» **Work required**:
The expected output is an exact copy of each line from the line with "Nồi lẩu nướng" through the end of the data below, with no pictures in it.

** Stored data follows **

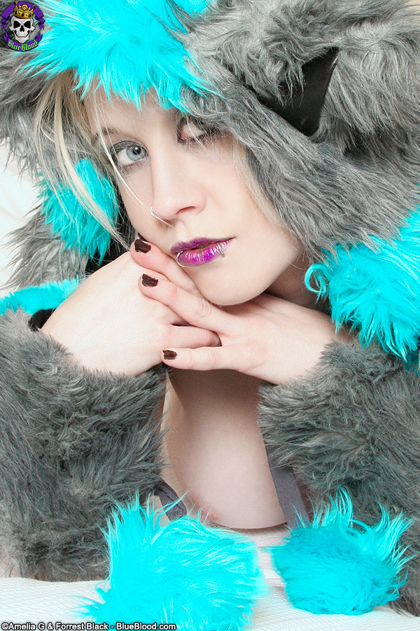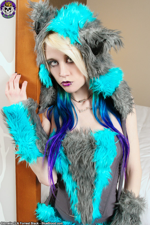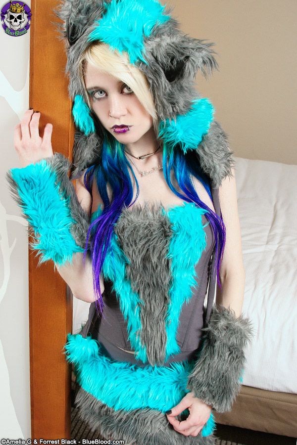 セクシーなミアがコスプレ衣装で胸とアソコを見せる
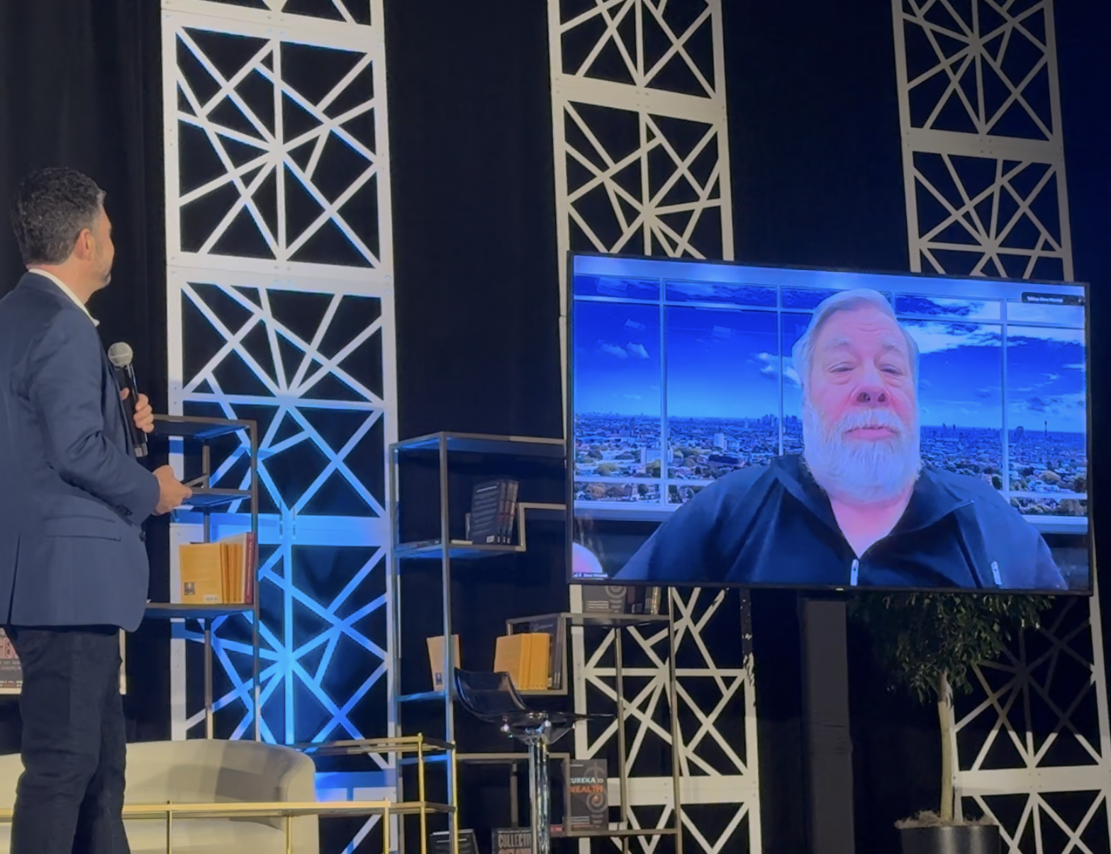 Steve Wozniak gave an opening talk on thinking differently, and how engineering, marketing and sales are all equally important. He reflected on the early days of Apple, starting from just building computers for fun.
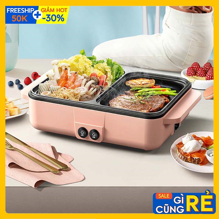 Nồi lẩu nướng điện mini 2 ngăn Chống Dính Đa Chức Năng mẫu mới nhất hiện nay
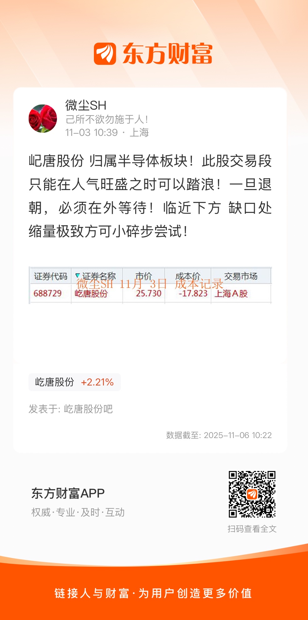 温馨提示: 1.根据《证券法》规定,禁止编造、传播虚假信息或者误导性信息,扰乱证券市场;2.用户在本社区发表的所有资料、言论等仅代表个人观点,与本网站立场无关,不对您构成任何投资建议。用户应基于自己的独立判断,自行决定证券投资并承担相应风险。《东方财富社区管理规定》

** End of Stored data **

» **Solution to this task**:
 Nồi lẩu nướng điện mini 2 ngăn Chống Dính Đa Chức Năng mẫu mới nhất hiện nay
 温馨提示: 1.根据《证券法》规定,禁止编造、传播虚假信息或者误导性信息,扰乱证券市场;2.用户在本社区发表的所有资料、言论等仅代表个人观点,与本网站立场无关,不对您构成任何投资建议。用户应基于自己的独立判断,自行决定证券投资并承担相应风险。《东方财富社区管理规定》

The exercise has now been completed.